# R35 compound ???



## Voyager (Jul 20, 2012)

need to get my new car in and give it a once over as the micro swirls are driving me nuts, so,

i had a black Audi RS4 and the paint was as hard as ****, finding a combination of mop n compound took me ages.

led to belive the 35 has softer paint, so whats recommended, i could give it a go with mez final finish with a yellow pad and work from there.

any tips ?


----------



## pwpro (Jun 6, 2009)

gtr paint is like butter but it is also very thin 

really you should be measuring thickness and monitoring removal rates to be 100% safe 

that said go with some megs #205 on a 3m yellow convoluted pad and i think you'll be happy 

atb

Paul


----------



## Voyager (Jul 20, 2012)

yeah i'll whip the PTG out before i start,

i like the mez as i find its reasonably dust free and gives me time to work, i just reactivate with a water spray for a little more time, i tried some 3M and although it did the job the clean up was too much work.
i'll make a start with the yellow waffle and mez final finish and see how i go, depending on PTG readings.

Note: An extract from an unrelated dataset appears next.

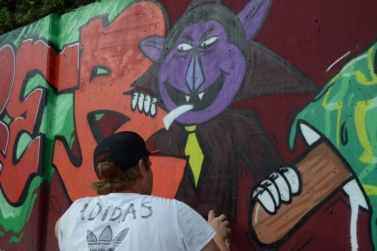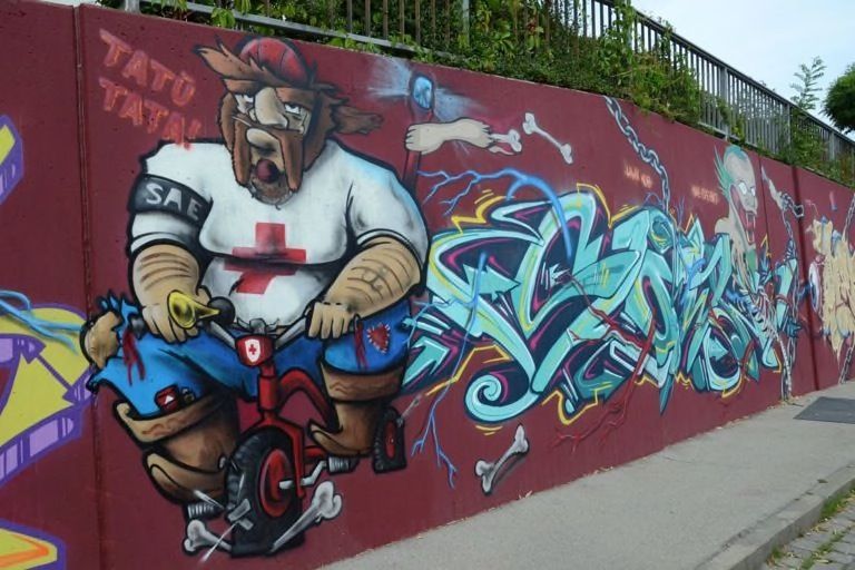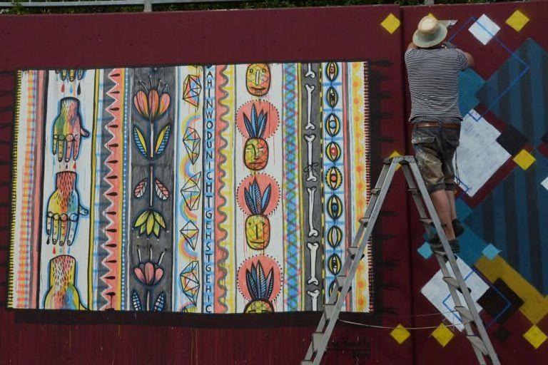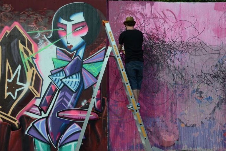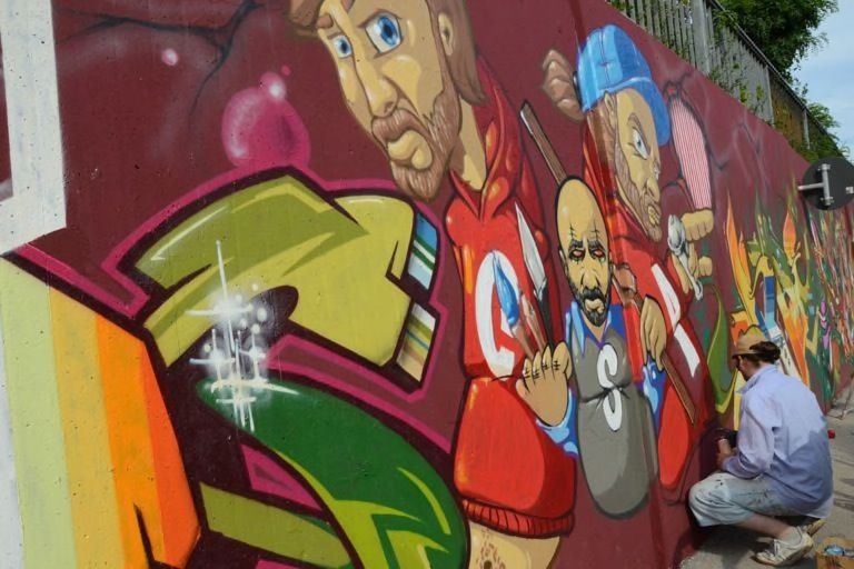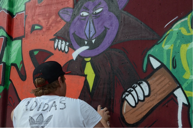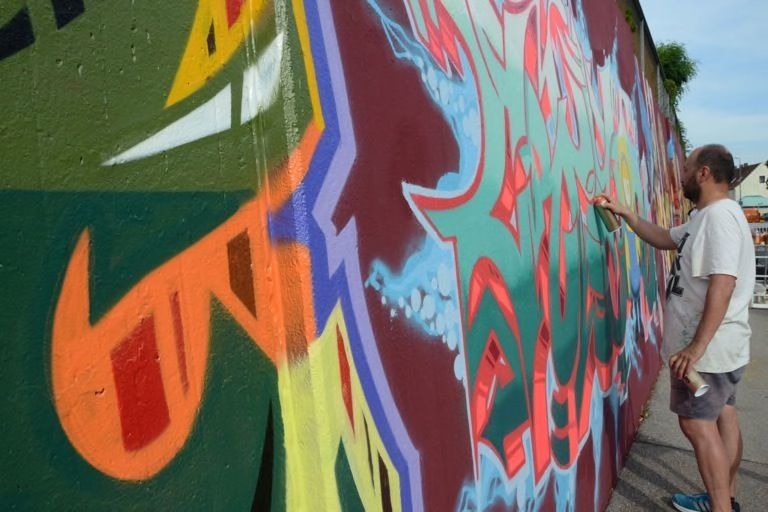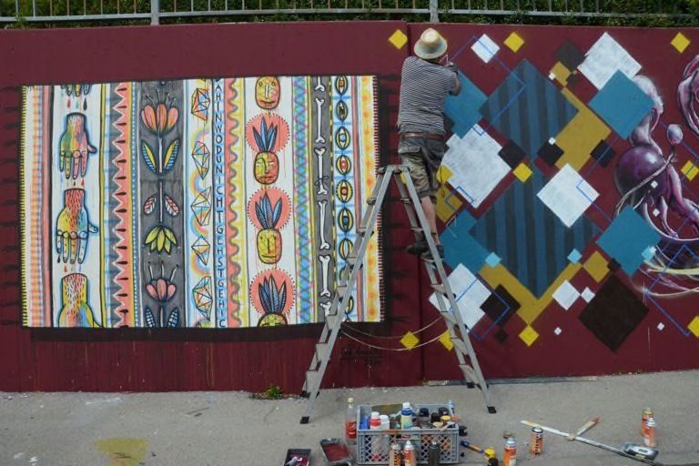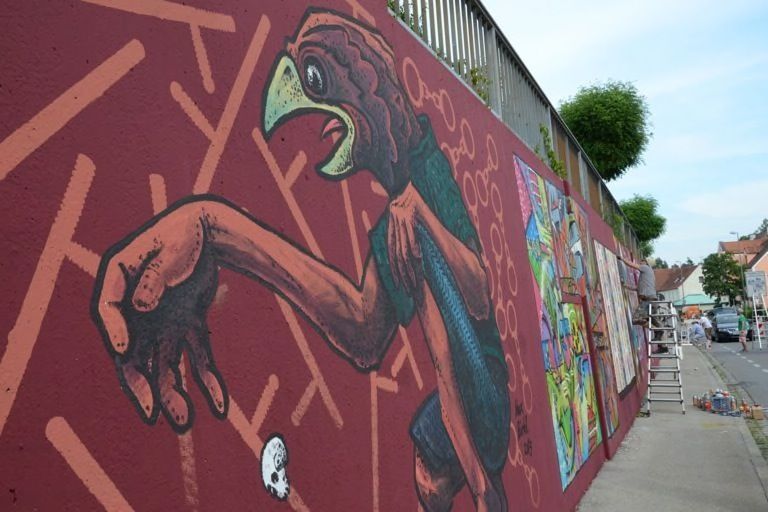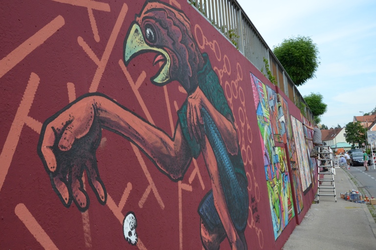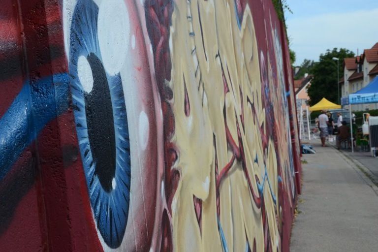 Heuer waren es nicht nur Graffiti-Maler, die ihre gewohnt bunten Motive auf die Wand an der Hohenwarter Straße brachten, sondern auch aus dem verwandten Bereich der Urban-Art waren einige Künstler am Start. Die großformatigen Motive entstanden dabei nicht nur mit Hilfe von Sprühdosen, auch Farbroller, der klassische Pinsel und manch recht eigenwillige, individuelle Technik kam da zum Einsatz.

generally i'll use the SW cleaner fluid before 2 coats of BOS do you find this is the best solution for the nissan paint or would you recommend something else.

i do like the depth and gloss from the BOS and its nice to work with, but the cleaner fluid is a total pita to get streak free before wax and i have been considering an alternative, but not found anything as yet.

any tips on pre wax treatments ?


----------



## pwpro (Jun 6, 2009)

Voyager said:


> yeah i'll whip the PTG out before i start,
> 
> i like the mez as i find its reasonably dust free and gives me time to work, i just reactivate with a water spray for a little more time, i tried some 3M and although it did the job the clean up was too much work.
> i'll make a start with the yellow waffle and mez final finish and see how i go, depending on PTG readings.
> ...


cleaner fluid or field glaze can be a pain if your not careful in application 

use 1 pea sized blob to work an area 12" square and buff immediately 

you should find it a lot easier


----------



## Voyager (Jul 20, 2012)

thanks for that i'll give it a whirl :bowdown1:


----------